If you have lots of money buy Eco or Florite either works excellent especially as it ages and absorbs nutrients. You still will need to add root tabs.

If you like to save money use Black Diamond as a cap for some MGOPS or MTS.

In terms of looks - I like either, it is personnal preference really. But they both look very nice IMO.


----------



## cameron (Oct 3, 2003)

I like my black diamond tank. If money were no object I would probably use eco-complete (well, if it were no objectI would probably use Aqua Soil). I like my Fluorite, too, but buying from scratch the advantages, to me, are too small to justify the cost increase. If the tank were smaller I would say buy the best, but a 75 will require enough that I would just buy black diamond. It does have a bit of shinyness, but I don't reallynotice and when I doI don't mind it.


----------



## msawdey (Apr 6, 2009)

I have flourite black sand and love it.. so do my plants.. I had eco complete previously and think the sand is much easier to plant in and looks alot better 

Just make sure you rinse the hell out of flourite sand (people will say differently but i had to)


----------



## AlecFish (Nov 26, 2011)

Yeah I'll just stick with black diamond. Hopefully the shininess won't be to noticeable when in-tank. I just looked up prices and its $20 a bag of eco-complete. Being a teenager I just can't get $80 worth of it. I actually snagged the sand for $16 and that's 100 lbs. worth so its a killer deal. 
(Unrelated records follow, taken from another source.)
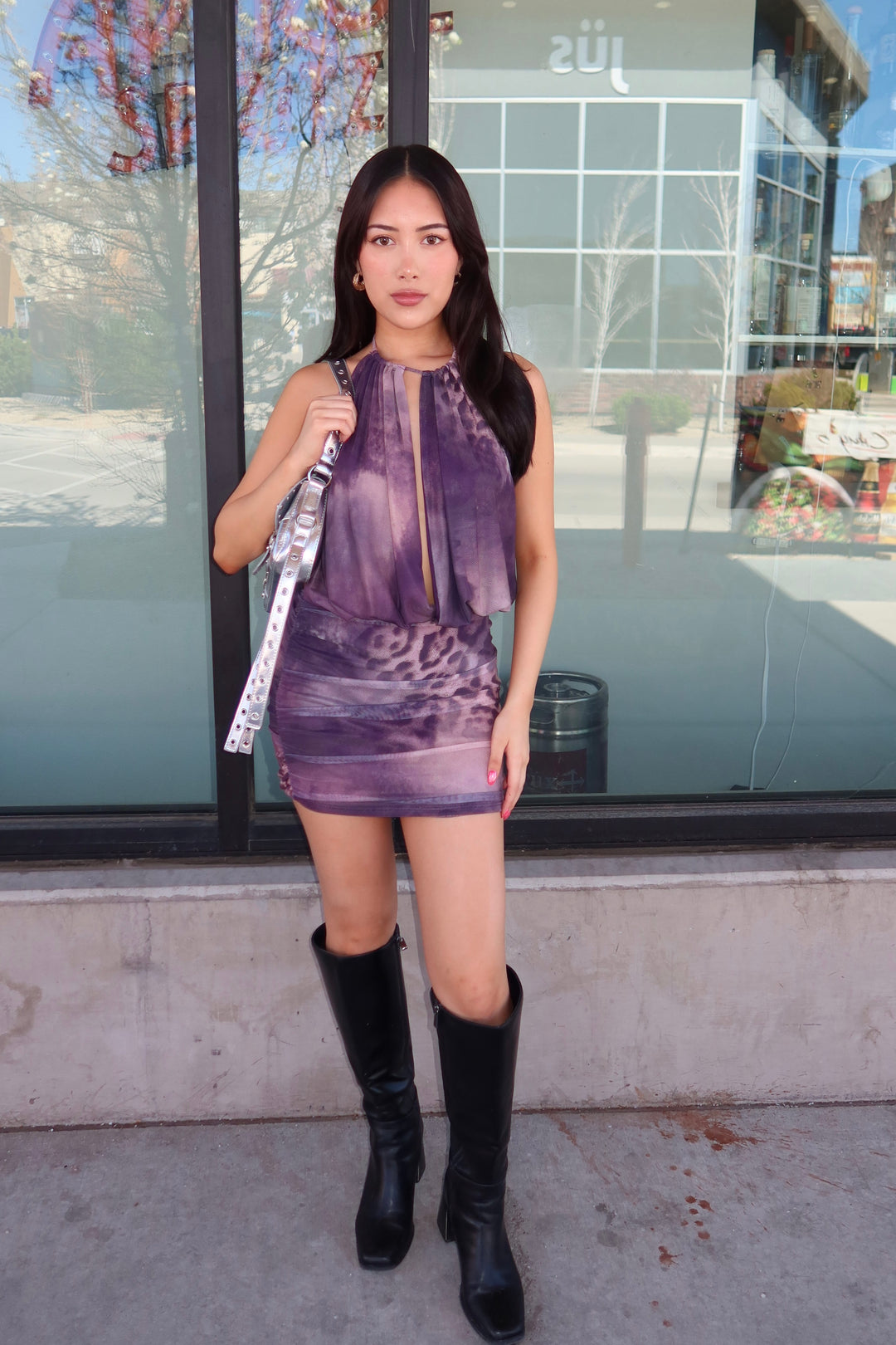 ALEINA MODERN OPEN BACK MINI DRESS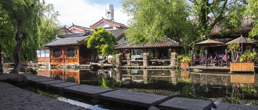 丽江古城又名大研镇,是世界文化遗产,也茶马古道上的重要城镇。这里已经有八百多年的历史,城中都是木制古建筑,青石板路,小桥流水,站在城中就可以遥望玉龙雪山。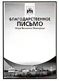 - ↑ Решение Думы Великого Новгорода от 23.12.2004 № 45 «О муниципальных наградах Великого Новгорода» (недоступная ссылка)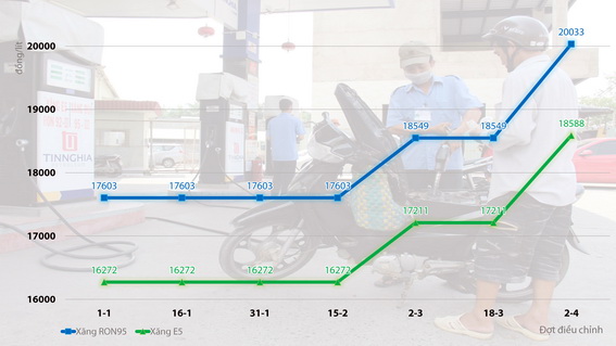 Accordingly, the retail price of bio-fuel E5 RON 92 will not be higher than VND18,588 per liter, up VND1,377, and that of RON 95 not more than VND20,033, up VND1,484.

How do you suggest I rinse the sand? 

I have 100 lbs. how much should I use? How many inches should I do? 

Any scaping methods that go well with a black substrate?


----------



## tatersalad (Dec 7, 2011)

You gotta rinse that black diamond alot too, that will get some of that shiney out. When you rinse it you will notice tiny small shiney flakes all in the water.


----------



## tatersalad (Dec 7, 2011)

I usually rinse that stuff one 5 gallon bucket at a time, fill the bucket about half to three quarters full of the gravel and just take the water hose and run water into it and turn it over repeatedly with your hands. Just rinse a little and dump the water off and then rinse it again and again until there is little to no shiney debris in the water you pour off of it.


----------



## AlecFish (Nov 26, 2011)

Alright, I'll try that tomorrow and see if I can make it run clear.


----------